An exact transcription is needed of the lines below from the one with "CAPACITATE MARE - cutia" through the one with "Babinsa Koramil 03/Siak", with no other lines and no pictures.

> _Recorded information_
- Opening Delimiter -

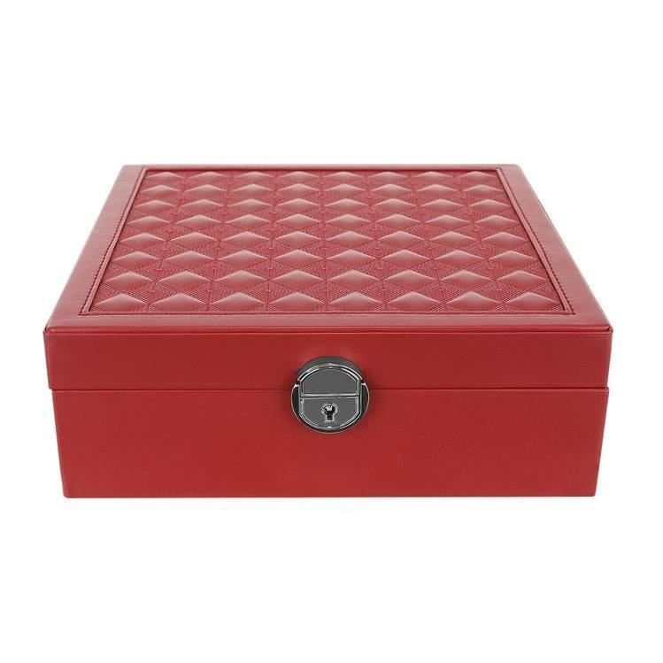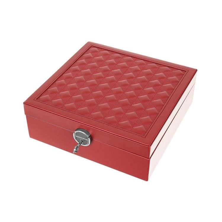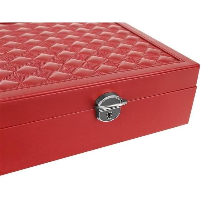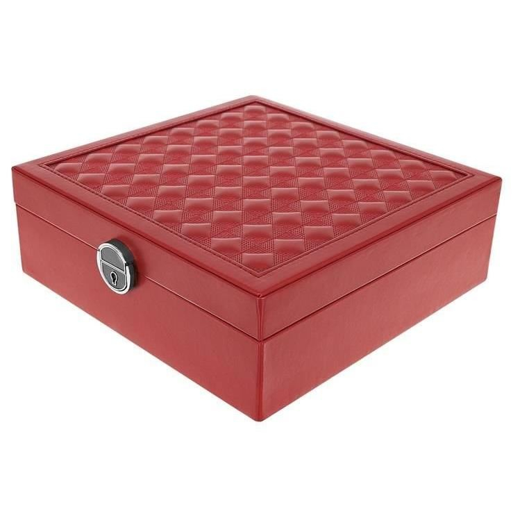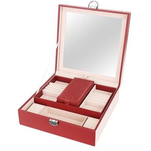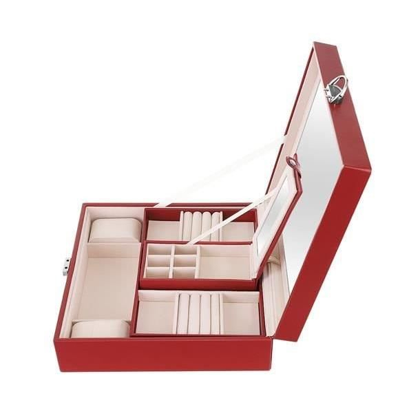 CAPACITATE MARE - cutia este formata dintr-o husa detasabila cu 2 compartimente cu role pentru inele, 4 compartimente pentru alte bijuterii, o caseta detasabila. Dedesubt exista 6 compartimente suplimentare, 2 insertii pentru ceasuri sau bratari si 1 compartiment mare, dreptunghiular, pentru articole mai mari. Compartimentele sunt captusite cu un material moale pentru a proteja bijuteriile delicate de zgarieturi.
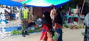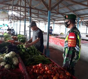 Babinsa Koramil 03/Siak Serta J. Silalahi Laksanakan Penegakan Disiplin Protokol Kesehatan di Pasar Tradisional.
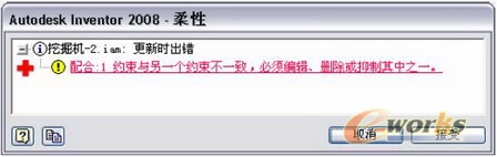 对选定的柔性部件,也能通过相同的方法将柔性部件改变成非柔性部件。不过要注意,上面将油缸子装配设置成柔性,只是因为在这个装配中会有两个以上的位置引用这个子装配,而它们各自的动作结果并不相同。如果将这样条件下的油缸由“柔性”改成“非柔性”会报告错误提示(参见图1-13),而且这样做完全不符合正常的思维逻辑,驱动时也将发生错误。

- Closing Delimiter -
- Opening Delimiter -

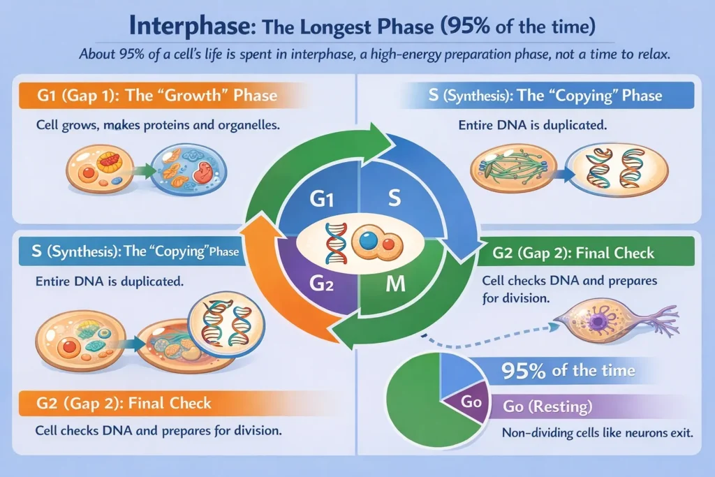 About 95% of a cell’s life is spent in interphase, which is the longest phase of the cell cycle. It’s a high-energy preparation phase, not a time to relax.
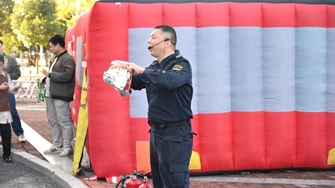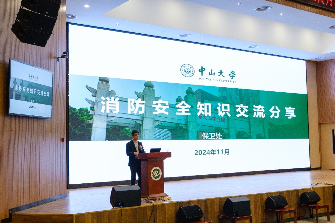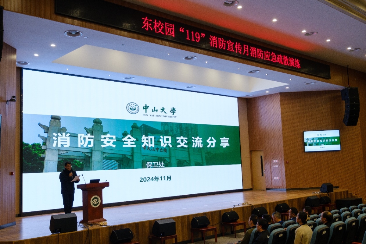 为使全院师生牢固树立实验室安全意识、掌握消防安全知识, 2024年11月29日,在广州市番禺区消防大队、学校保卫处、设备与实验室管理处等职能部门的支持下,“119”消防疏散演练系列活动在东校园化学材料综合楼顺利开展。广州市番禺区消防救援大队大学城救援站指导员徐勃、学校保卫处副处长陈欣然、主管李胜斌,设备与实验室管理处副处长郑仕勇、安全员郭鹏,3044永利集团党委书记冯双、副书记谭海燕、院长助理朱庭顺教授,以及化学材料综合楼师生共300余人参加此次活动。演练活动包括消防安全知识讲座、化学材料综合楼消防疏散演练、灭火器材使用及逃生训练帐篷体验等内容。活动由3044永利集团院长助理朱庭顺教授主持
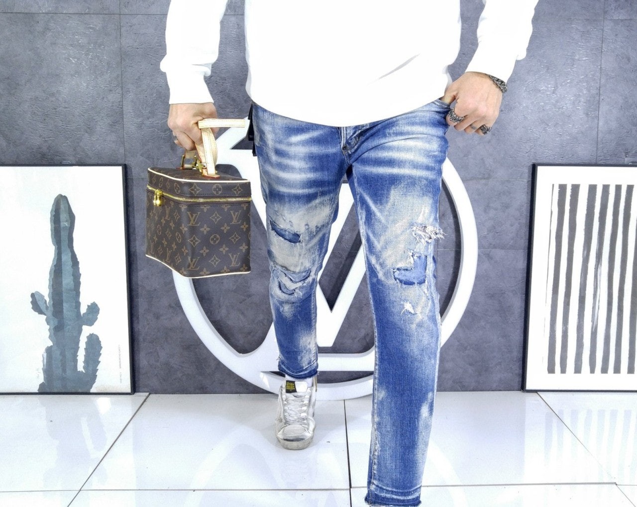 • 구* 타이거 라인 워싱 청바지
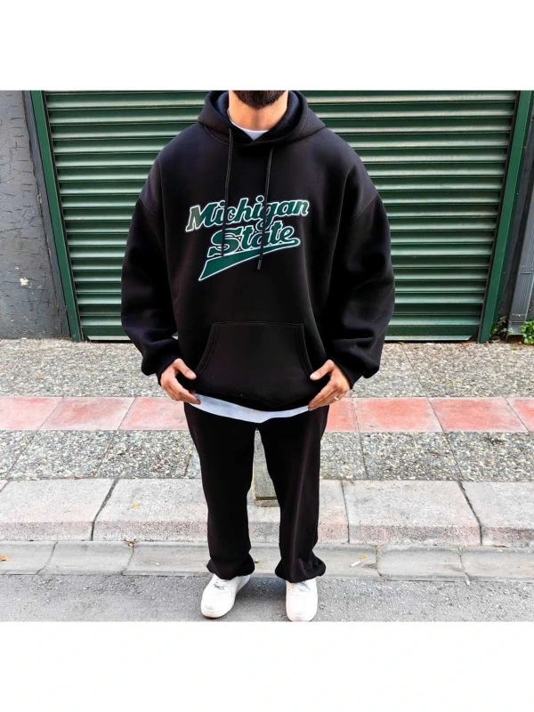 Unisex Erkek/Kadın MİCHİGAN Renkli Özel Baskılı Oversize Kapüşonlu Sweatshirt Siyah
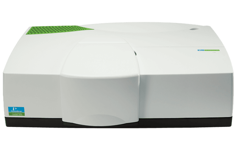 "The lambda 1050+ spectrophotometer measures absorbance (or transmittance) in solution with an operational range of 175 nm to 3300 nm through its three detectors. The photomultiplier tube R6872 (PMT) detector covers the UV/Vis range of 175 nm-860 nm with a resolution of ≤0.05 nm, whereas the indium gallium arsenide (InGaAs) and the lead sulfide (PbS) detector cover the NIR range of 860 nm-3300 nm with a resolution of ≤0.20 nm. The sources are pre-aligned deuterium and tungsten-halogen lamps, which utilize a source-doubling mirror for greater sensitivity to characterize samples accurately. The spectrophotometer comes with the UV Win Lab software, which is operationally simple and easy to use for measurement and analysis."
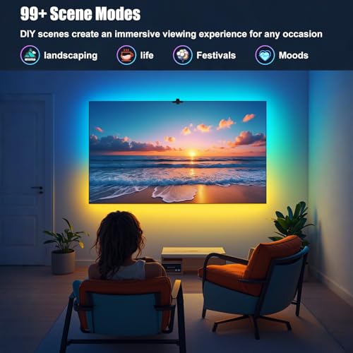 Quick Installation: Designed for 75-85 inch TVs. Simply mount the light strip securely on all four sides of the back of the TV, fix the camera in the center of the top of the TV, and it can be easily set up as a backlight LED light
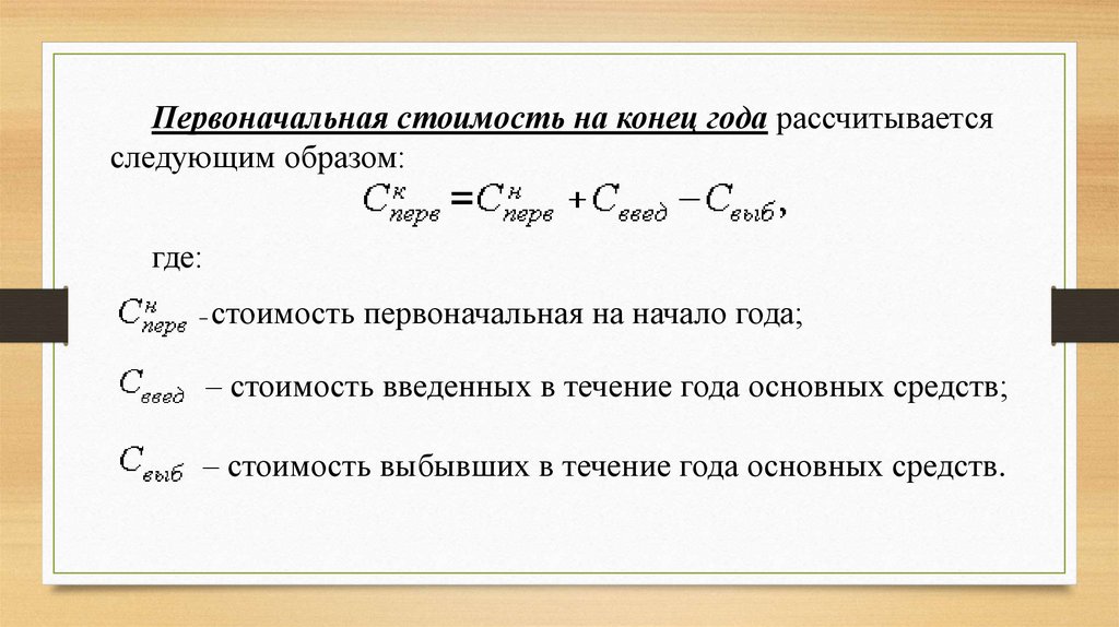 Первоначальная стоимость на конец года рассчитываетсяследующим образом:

- Closing Delimiter -

> _Output of the task_
 CAPACITATE MARE - cutia este formata dintr-o husa detasabila cu 2 compartimente cu role pentru inele, 4 compartimente pentru alte bijuterii, o caseta detasabila. Dedesubt exista 6 compartimente suplimentare, 2 insertii pentru ceasuri sau bratari si 1 compartiment mare, dreptunghiular, pentru articole mai mari. Compartimentele sunt captusite cu un material moale pentru a proteja bijuteriile delicate de zgarieturi.
 Babinsa Koramil 03/Siak Serta J. Silalahi Laksanakan Penegakan Disiplin Protokol Kesehatan di Pasar Tradisional.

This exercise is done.